Identification of Ftr1 and Zrt1 as iron and zinc micronutrient transceptors for activation of the PKA pathway in Saccharomyces cerevisiae
Authors:Joep Schothorst1,2, Griet Van Zeebroeck1,2 and Johan M. Thevelein1,2
doi: 10.15698/mic2017.03.561
Volume 4, pp. 74 to 89, published 02/03/2017.
1 Laboratory of Molecular Cell Biology, Institute of Botany and Microbiology, KU Leuven, Belgium.
2 Department of Molecular Microbiology, VIB, Kasteelpark Arenberg 31, B-3001 Leuven-Heverlee, Flanders, Belgium.
Keywords:
Ftr1, Zrt1, iron, zinc, transceptor, signaling, PKA.
Corresponding Author(s):
Conflict of interest statement:
The authors declare no conflict of interest.
Please cite this article as:
Joep Schothorst, Griet Van Zeebroeck and Johan M. Thevelein (2017). Identification of Ftr1 and Zrt1 as iron and zinc micronutrient transceptors for activation of the PKA pathway in Saccharomyces cerevisiae. Microbial Cell 4(3): 74-89.

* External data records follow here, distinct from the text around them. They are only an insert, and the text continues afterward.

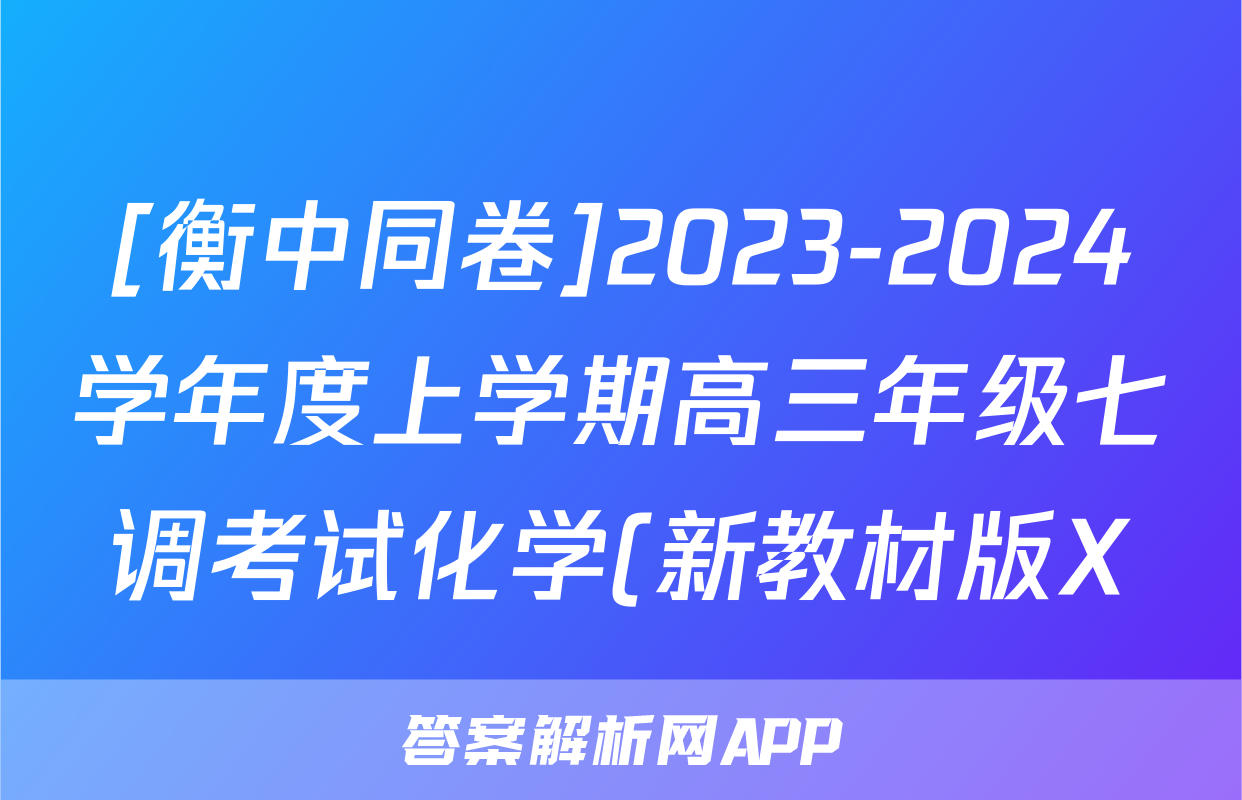 [衡中同卷]2023-2024学年度上学期高三年级七调考试化学(新教材版X)试题正在持续更新,目前2026天舟高考答案网为大家整理了相关试题及答案,供大家查缺补漏,高效提升成绩。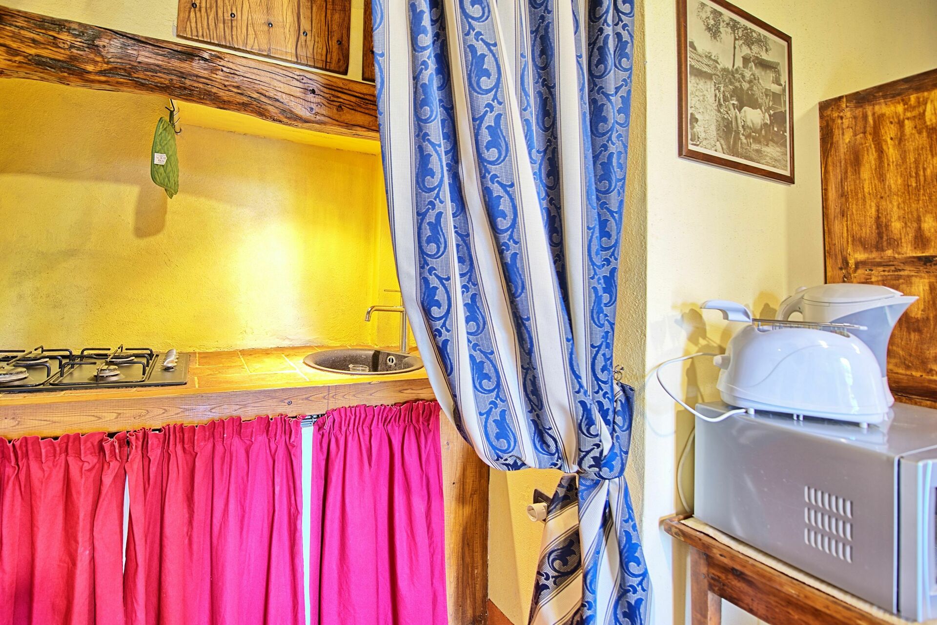 Piano terreno: zona pranzo con poltrona letto e angolo cottura (piccolo forno elettrico/microonde, lavastoviglie), grande camera matrimoniale, bagno con doccia.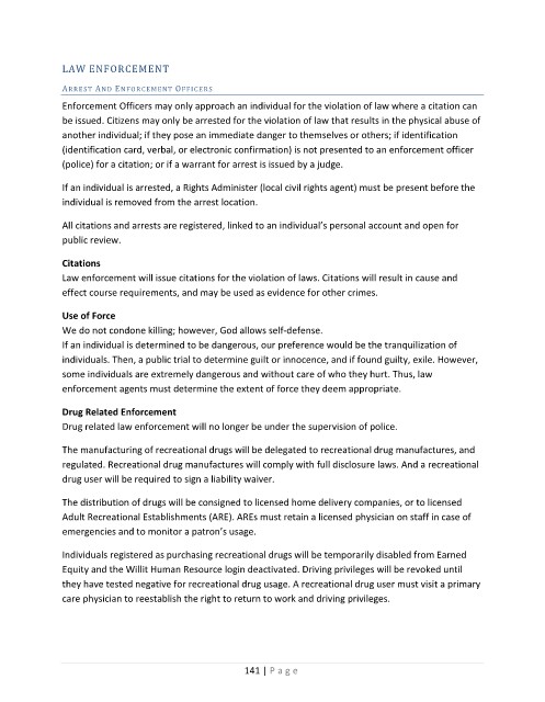 Law enforcement will issue citations for the violation of laws. Citations will result in cause and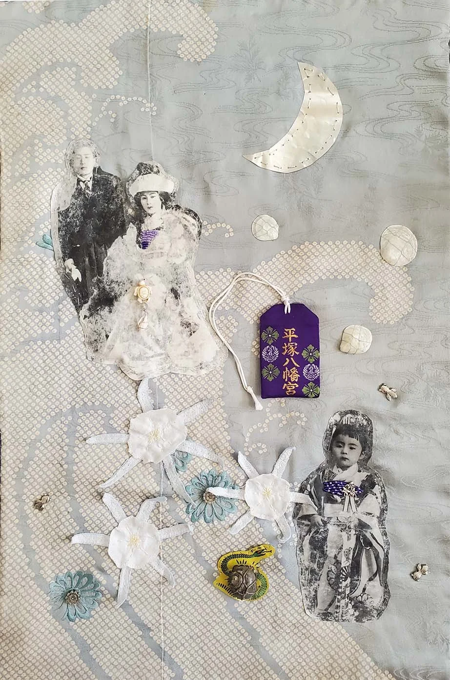 Mixed media on vintage kimono, 14.5”x22”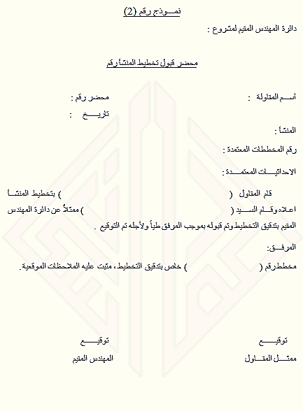 نموذج رقم 2 – محضر قبول تخطيط المنشأ رقم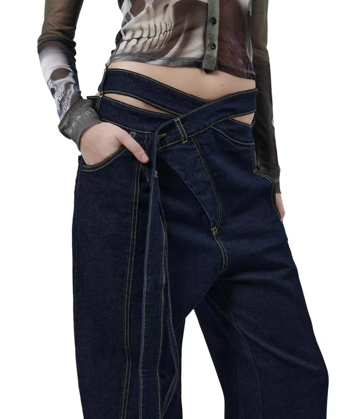 While denim jeans have proven themselves to be a timeless wardrobe staple, switch it up with these wide-cut twisted jeans by Ottolinger, featuring hip cutouts, an exaggerated denim belt, and plenty of pockets for your knick-knacks.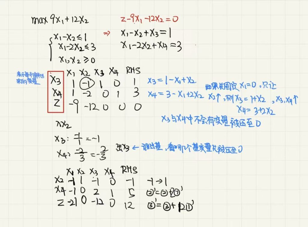 为上述线性规划模型引入松弛变量x3​和x4​,将模型转化为标准型(所有约束为等式、所有变量非负):

© 2017 Schothorst et al. This is an open-access article released under the terms of the Creative Commons Attribution (CC BY) license, which allows the unrestricted use, distribution, and reproduction in any medium, provided the original author and source are acknowledged.
Abstract:
Multiple types of nutrient transceptors, membrane proteins that combine a transporter and receptor function, have now been established in a variety of organisms. However, so far all established transceptors utilize one of the macronutrients, glucose, amino acids, ammonium, nitrate, phosphate or sulfate, as substrate. This is also true for the Saccharomyces cerevisiae transceptors mediating activation of the PKA pathway upon re-addition of a macronutrient to glucose-repressed cells starved for that nutrient, re-establishing a fermentable growth medium. We now show that the yeast high-affinity iron transporter Ftr1 and high-affinity zinc transporter Zrt1 function as transceptors for the micronutrients iron and zinc. We show that replenishment of iron to iron-starved cells or zinc to zinc-starved cells triggers within 1-2 minutes a rapid surge in trehalase activity, a well-established PKA target. The activation with iron is dependent on Ftr1 and with zinc on Zrt1, and we show that it is independent of intracellular iron and zinc levels. Similar to the transceptors for macronutrients, Ftr1 and Zrt1 are strongly induced upon iron and zinc starvation, respectively, and they are rapidly downregulated by substrate-induced endocytosis. Our results suggest that transceptor-mediated signaling to the PKA pathway may occur in all cases where glucose-repressed yeast cells have been starved first for an essential nutrient, causing arrest of growth and low activity of the PKA pathway, and subsequently replenished with the lacking nutrient to re-establish a fermentable growth medium. The broadness of the phenomenon also makes it likely that nutrient transceptors use a common mechanism for signaling to the PKA pathway.